Wow what a beautifully boiled egg! I'm like you though stephanie... no "expert" on egg salad sandwiches (haha but yeah, really, who is?) but I enjoy mine almost the exact same way you do -- capers, lemon, greek yogurt, but no red onion and add thyme. Here's to egg salad sandwiches that do eggs justice. :)

Abby said...

What beautiful eggs! Completely agree when you have such an outstanding ingredient you have to let it shine. Can't wait to try out the yogurt!

Anonymous said...

Yoghurt, mustard and onions! This is a new egg-mayp-without-mayo salad for me! Btw, I have just passed on the Kreativ Blogger award to you. You might already have them but here you go again!
For Details:

Epicurea said...

these are beautiful eggs - really can't wait for easter! and thanks for sharing the recipe, i love egg salad and this is a great way to make it healthier!

kyleen said...

I feel the same way as you. Egg salad sandwiched just kind of... put me off. The last one I had was really watery and kind of slimy. I bet that the freshness and quality of the eggs really makes a huge difference in taste and texture. I need to get my hand on some fresh eggs!
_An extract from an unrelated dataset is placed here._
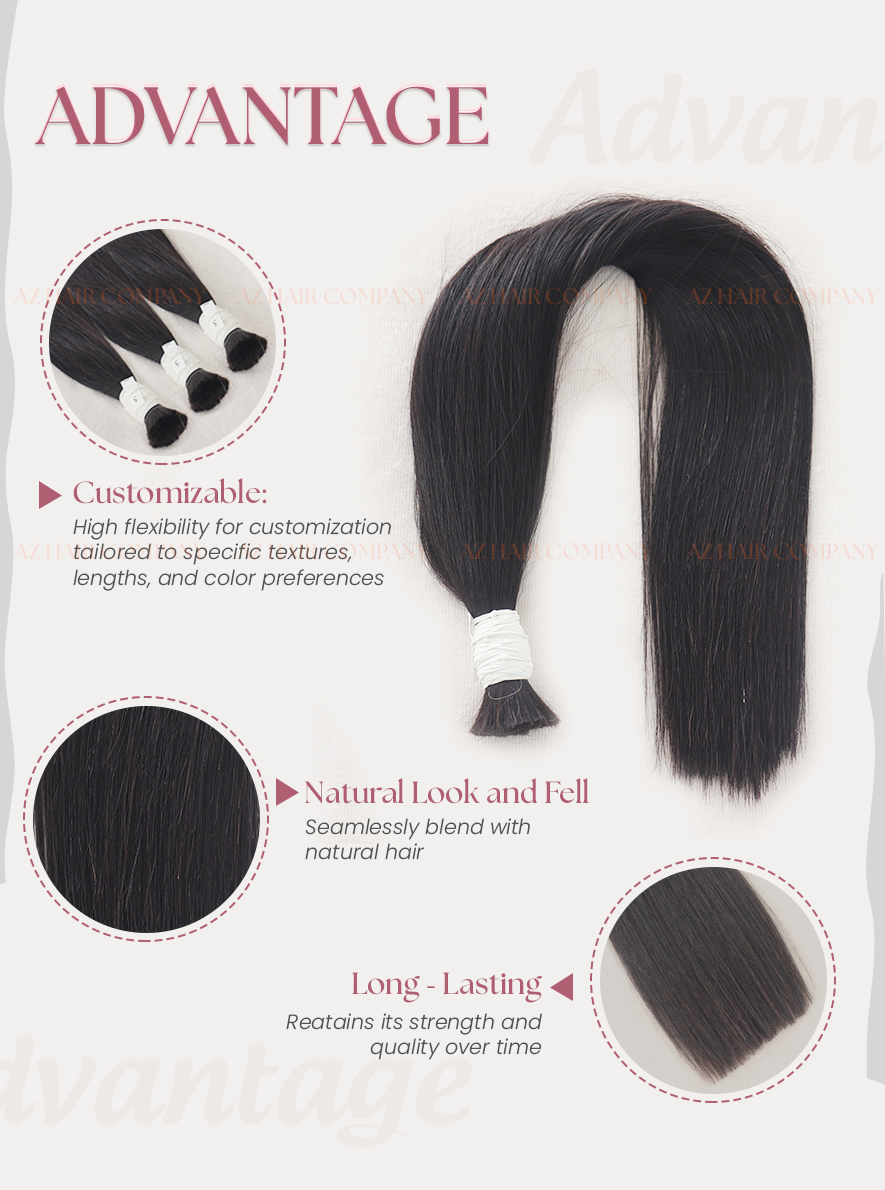 Our beautiful black shade with just a hint of brown undertones, Bulk Straight Hair Color #1B Human Hair Vietnamese is luxurious and bold. Bulk Straight Hair Color #1B Human Hair Vietnam is made with the highest quality, 100% Remy human hair, and available in the widest range of length and weight, it will instantly transform your hair and allow you to feel more confident with enviable thicker, longer hair than ever.

Your sandwich looks delicious!

Margarita said...

I love home made egg salad... Especially ones that use Greek yogurt instead of mayo. Eggs are great... Icook with them everyday, for breakfasts, desserts, dinners, and egg sandwiches. Love this idea of not mashing eggs. They look so much more appealing that way. My mom used to cut hers carefully into teeny pieces. Beautiful post on giving more credit to eggs and nice chicken farmers.

Colleen @ Culinary Colleen said...

I love how simple and healthy this is!